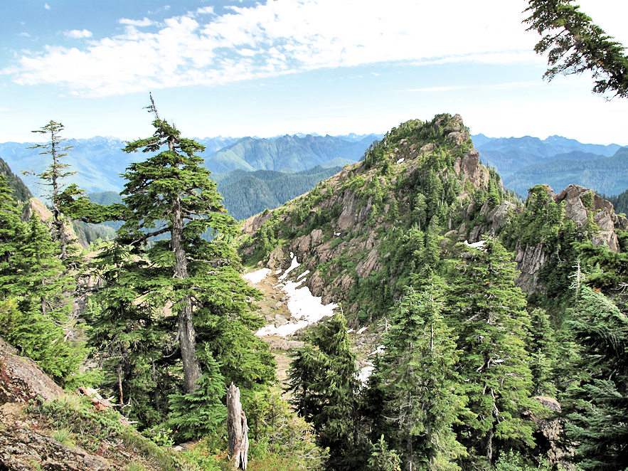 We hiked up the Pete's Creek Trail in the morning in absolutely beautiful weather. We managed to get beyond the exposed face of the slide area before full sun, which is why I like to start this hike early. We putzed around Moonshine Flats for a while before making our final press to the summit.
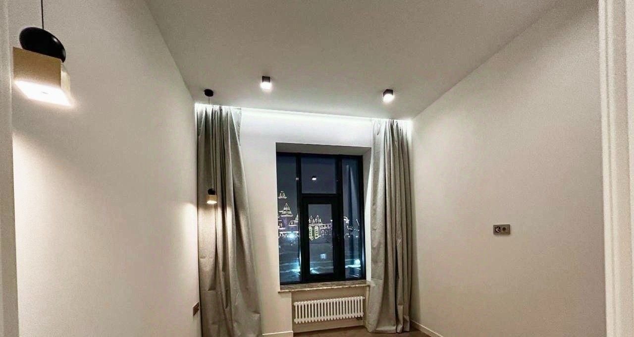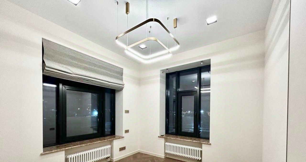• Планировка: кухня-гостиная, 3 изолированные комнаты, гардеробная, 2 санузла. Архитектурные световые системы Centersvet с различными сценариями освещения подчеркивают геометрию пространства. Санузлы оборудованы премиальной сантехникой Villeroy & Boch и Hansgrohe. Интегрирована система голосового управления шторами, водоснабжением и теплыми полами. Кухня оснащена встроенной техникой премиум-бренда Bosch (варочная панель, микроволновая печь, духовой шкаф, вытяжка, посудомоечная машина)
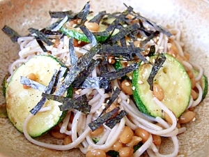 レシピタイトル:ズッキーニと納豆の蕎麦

════

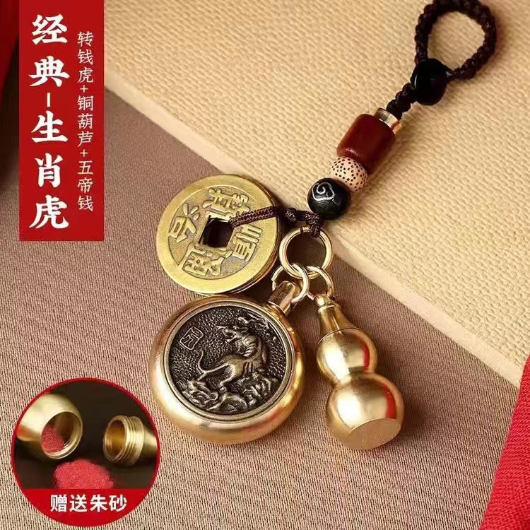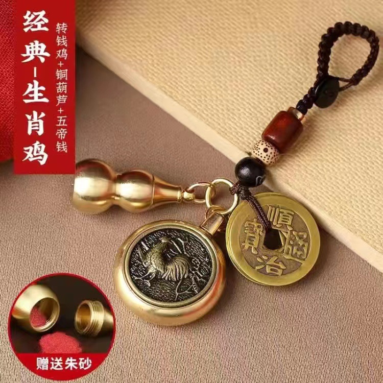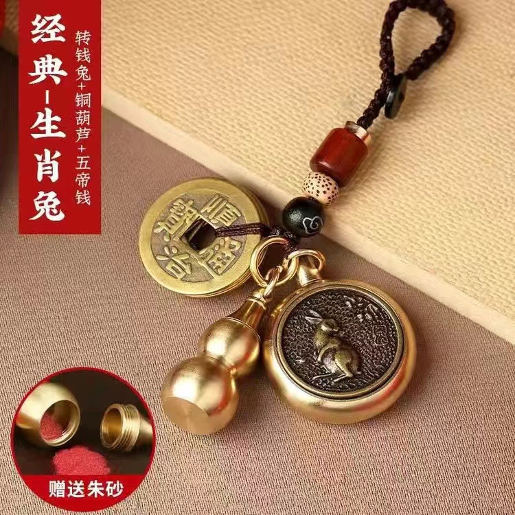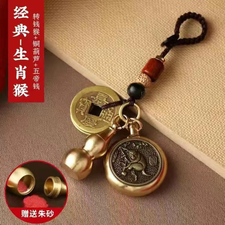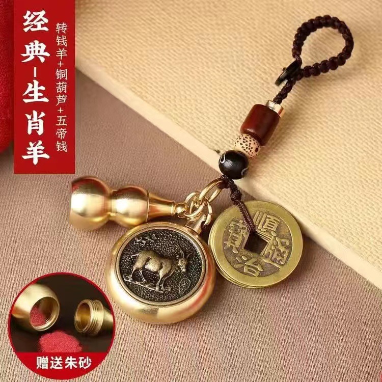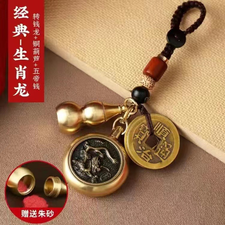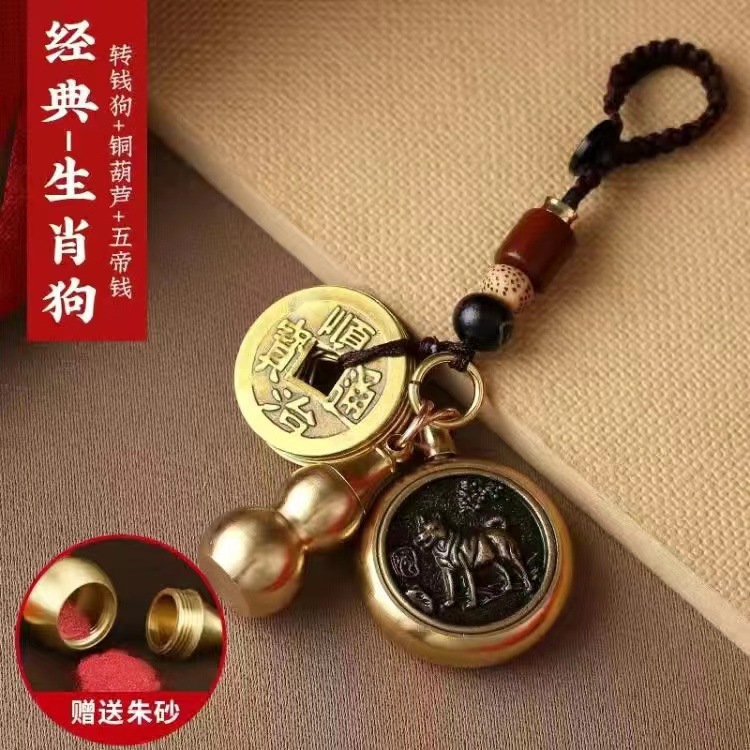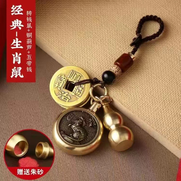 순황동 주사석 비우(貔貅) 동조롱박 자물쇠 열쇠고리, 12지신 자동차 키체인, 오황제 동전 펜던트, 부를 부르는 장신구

════

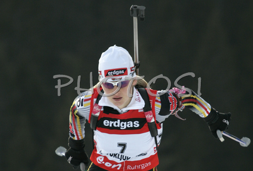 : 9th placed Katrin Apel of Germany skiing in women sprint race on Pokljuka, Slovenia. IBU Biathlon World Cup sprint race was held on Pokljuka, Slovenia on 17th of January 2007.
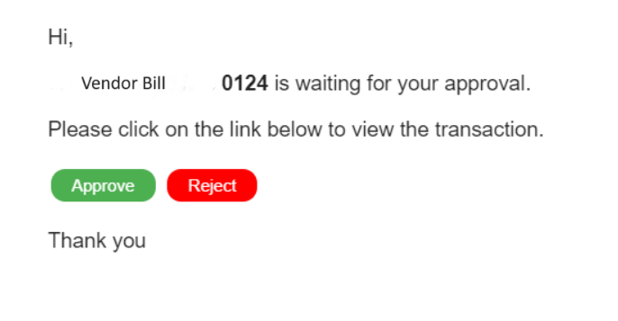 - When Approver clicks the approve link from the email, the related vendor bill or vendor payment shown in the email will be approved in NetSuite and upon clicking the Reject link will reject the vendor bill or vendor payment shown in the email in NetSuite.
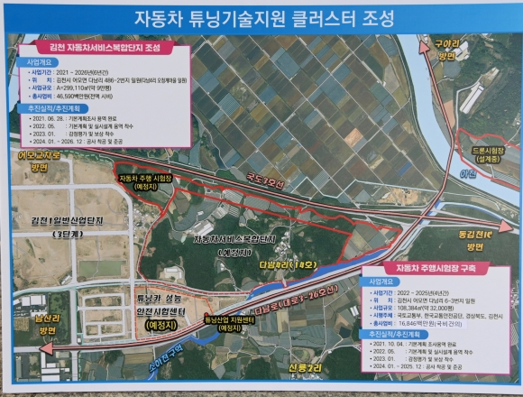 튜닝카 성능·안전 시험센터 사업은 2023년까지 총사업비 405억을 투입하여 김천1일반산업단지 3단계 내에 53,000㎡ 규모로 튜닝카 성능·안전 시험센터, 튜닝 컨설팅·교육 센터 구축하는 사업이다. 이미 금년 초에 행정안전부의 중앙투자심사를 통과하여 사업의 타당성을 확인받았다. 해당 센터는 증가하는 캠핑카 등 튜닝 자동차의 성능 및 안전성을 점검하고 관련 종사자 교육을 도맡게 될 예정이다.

════

Would you copy the lines above exactly, starting with the one that has "вытяжка, посудомоечная машина)" and ending with the one that has "レシピタイトル:ズッキーニと納豆の蕎麦", both included, without the pictures?

Problem solution
• Планировка: кухня-гостиная, 3 изолированные комнаты, гардеробная, 2 санузла. Архитектурные световые системы Centersvet с различными сценариями освещения подчеркивают геометрию пространства. Санузлы оборудованы премиальной сантехникой Villeroy & Boch и Hansgrohe. Интегрирована система голосового управления шторами, водоснабжением и теплыми полами. Кухня оснащена встроенной техникой премиум-бренда Bosch (варочная панель, микроволновая печь, духовой шкаф, вытяжка, посудомоечная машина)
 レシピタイトル:ズッキーニと納豆の蕎麦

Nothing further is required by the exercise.